Big Zee and I spent several years surf fishing for shark and big drum, and we got away from PVC because it tended to crack and didn't last season after season. If your PVC holder fails when you get a huge run, you might kiss an expensive rod and reel goodbye. I bought 10 foot lengths of galvanized electrical conduit at Home Depot, cut them in half and spray painted them bright yellow with Krylon for visibility (morons driving near the surfline can cause a lot of expensive damage). I bought rubber couplings, cut those in half and put them on the top of the holder to protect the rods/reels. To sink the holders, just walk to the water line, push them into the wet sand, and do your best Cheech & Chong imitation of hitting a giant bong while pressing down. Having the tips of your rods higher cuts down on the amount of seaweed you'll deal with, and these things hold so well you can tighten your line and the tension will keep the reels suspended off of the rubber.

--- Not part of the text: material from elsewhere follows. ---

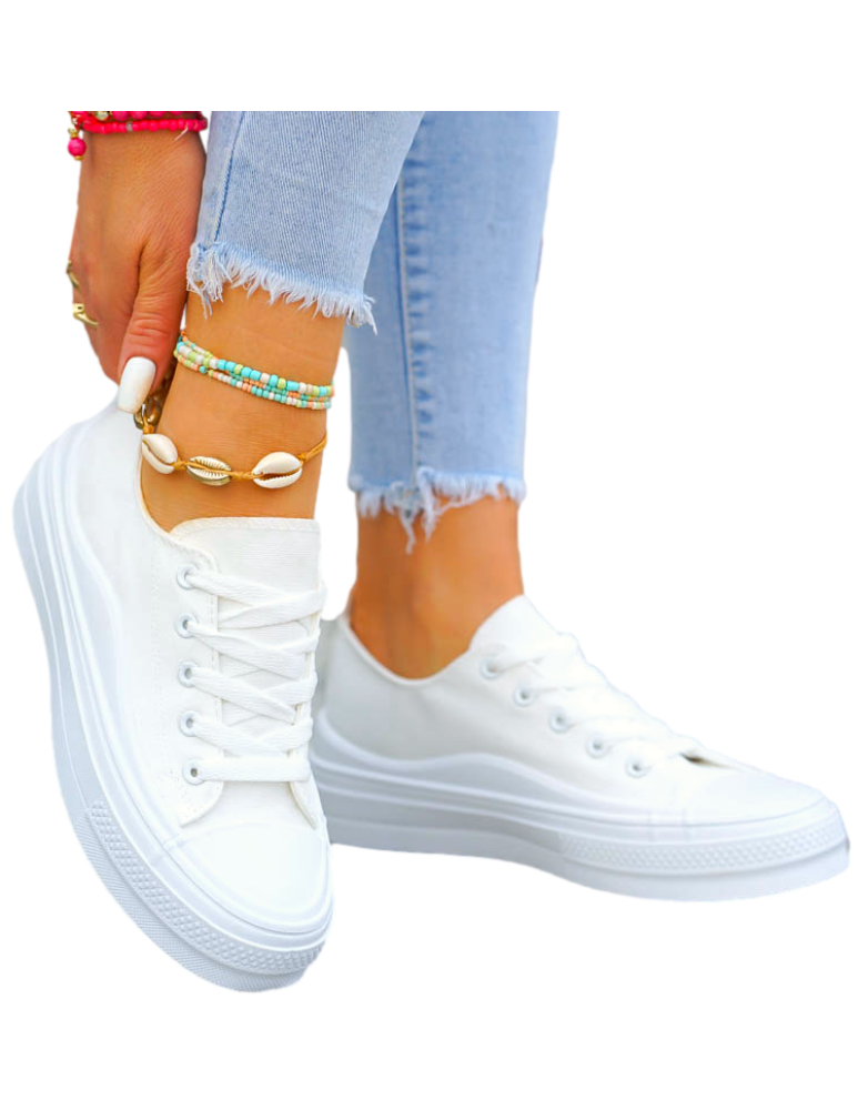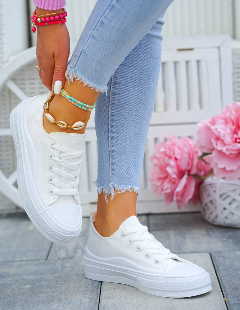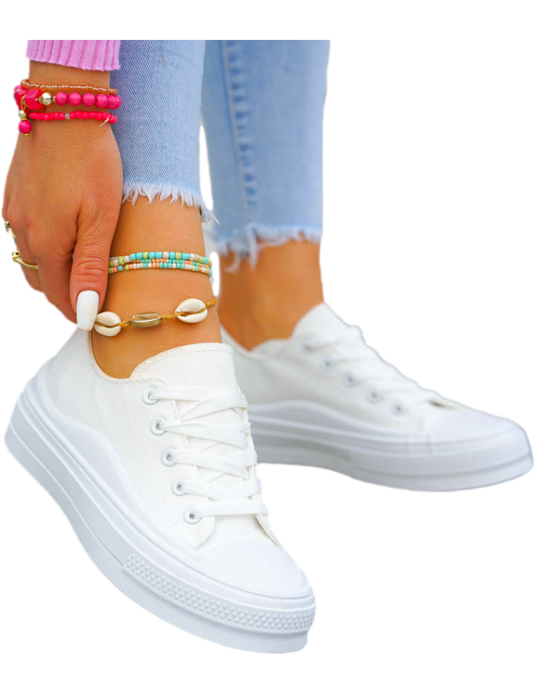 - Białe trampki w całości wykonane z przewiewnej tjkaniny. Lekkie i wygodne. Klasyczny fason wpisze się w każdy styl.

When you hear a reel scream and then stop because the fish let the line go slack, the reel will have dropped down onto the rubber stopper.


----------



## 96chevybeachbum (Jul 27, 2009)

saltwatertom, I also use the same rubber on tops on my rod holders and also keep the reels a few inches off the holder. ive noticed sometimes a slot red will hit but not free the weight but the reel drops so you know something happened


----------



## Saltwater Jack (Jun 27, 2006)

Really nice bunch of surf spikes displayed here. Thanks for sharing your ideas. I still use the PVC spikes. I have had to run to the water to catch a rod before it gets wet. If I keep the spikes out of the wet sand, they do a good job. The last few years I have added a section of Pool Doodle to the top of the PVC to cushion the reel when it falls. I just whittle it to fit the PVC so it stands above the spike an inch or so. Not the best but works OK for me. I still chase trout all summer so don't usually get into the surf until Aug or so.


----------



## fishingcacher (Mar 29, 2008)

doublezer6 said:


> In the last year or so I have really tried to focus on reducing the amount of gear I bring to the surf with me, as I always find I bring more junk than useful equipment. Trying to employ the K.I.S.S. method more. That's why I don't bring anything to drive the posts into the sand. If the sand is wet enough, a little suction works great to get the holders as deep as you need. Just sand and round off the edges of the pipe to make sure it doesn't damage the rod grips and you're good to go.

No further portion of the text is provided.